When I first start the pickup the steering wheel will turn easily (i.e. normal). After about one minute it becomes extremely stiff unless I am moving. So far I have done the following:

Changed the power steering pump. It was definitely bad.
Bled the system (i think). I turned the wheels back and forth about 10 times.
The belt is good and it is tight enough
The fluid levels in the reservoir are good.

Any suggestions would be very helpful 

Thank you

Woodturner


----------



## smj999smj (Jan 1, 2006)

Year of Frontier?


----------



## woodturner (Jun 28, 2012)

Sorry about that. It is a 2002


----------



## SPEEDO (Jun 9, 2003)

any of the hose's leaking? how about the rack? any noises?


----------



## woodturner (Jun 28, 2012)

SPEEDO said:


> any of the hose's leaking? how about the rack? any noises?

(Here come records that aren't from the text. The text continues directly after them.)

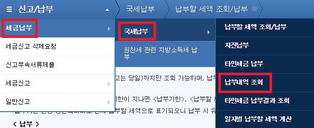 양도세 납부확인서 납세 > 국세납부 > 납부내역 조회당신은 그것을 확인할 수 있습니다
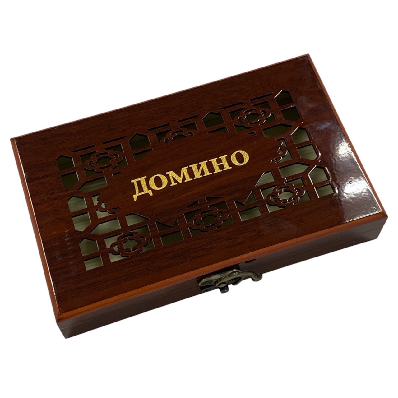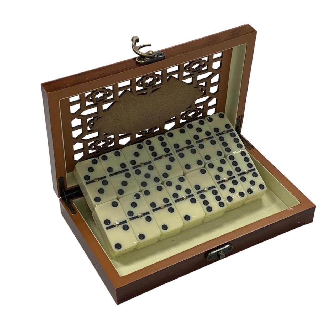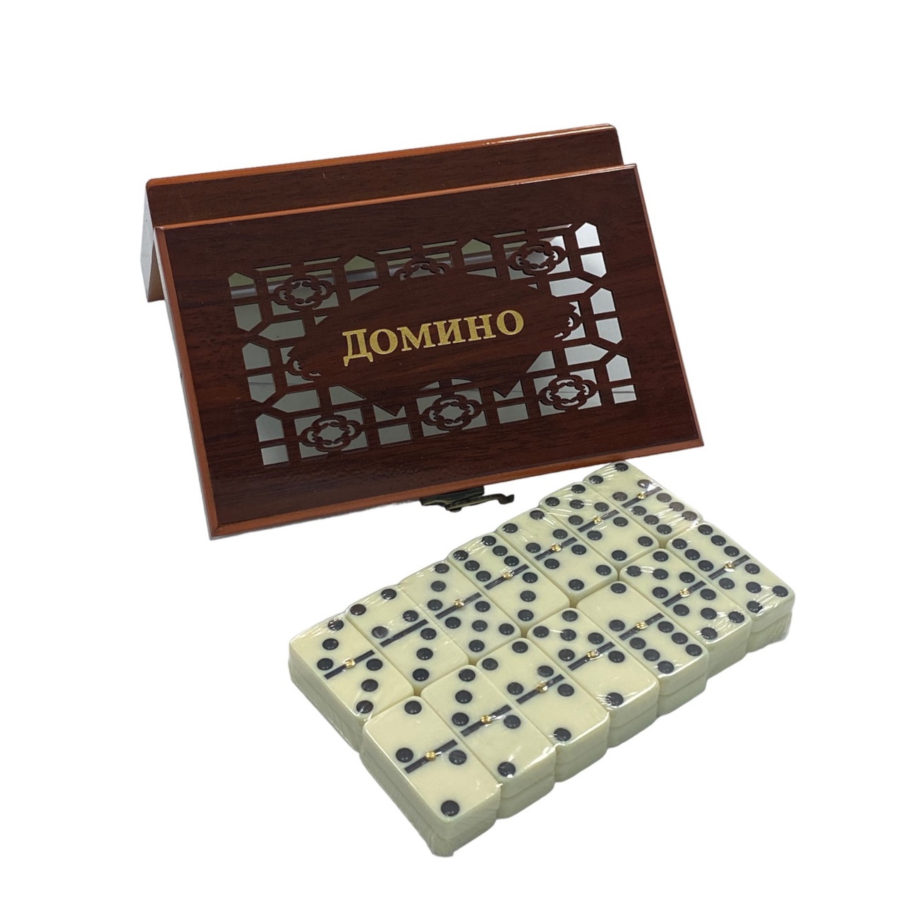 Доміно класичне виготовлене з міцного пластику з імітацією кольору слонової кістки. Подарунковий футляр для зберігання кісточок виконаний з візерунком на лицьовій частині та сувенірним замочком. Таку компактну скриньку завжди приємно взяти до рук.
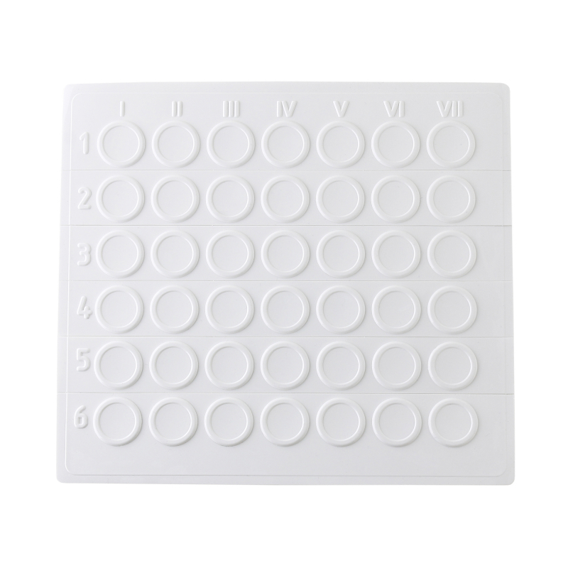 Планшет предназначен для определения групп крови методом прямой реакции агглютинации и проведения проб на совместимость донора и реципиента. 7 строк по 6 лунок в каждой. Цифровая маркировка — «1, 2, 3, 4, 5, 6» и «I, II, III, IV, V, VI, VII» облегчает проведение серологических и иммунологических работ. Лунки круглые, плоскодонные. Планшет специально сделан таким образом, что капля находится в центре лунки и позволяет четко рассмотреть агглютинацию. Делится на 6 планшетов по 7 лунок

I don't think I have any leaking hoses. The fluid level in the reservoir is not going down. I don't hear any noises from the rack. I plan on checking all of those things again when I get off work today.


----------



## Colt (Jul 26, 2013)

Would like to know the issue. I have a similar issue on my 2001

Bob


----------



## kevinwscott (Dec 2, 2009)

Out of desperation I took the power steering pump back to Advance Auto Parts and told them it was not working right. They replaced it at no cost. The new one works great.


----------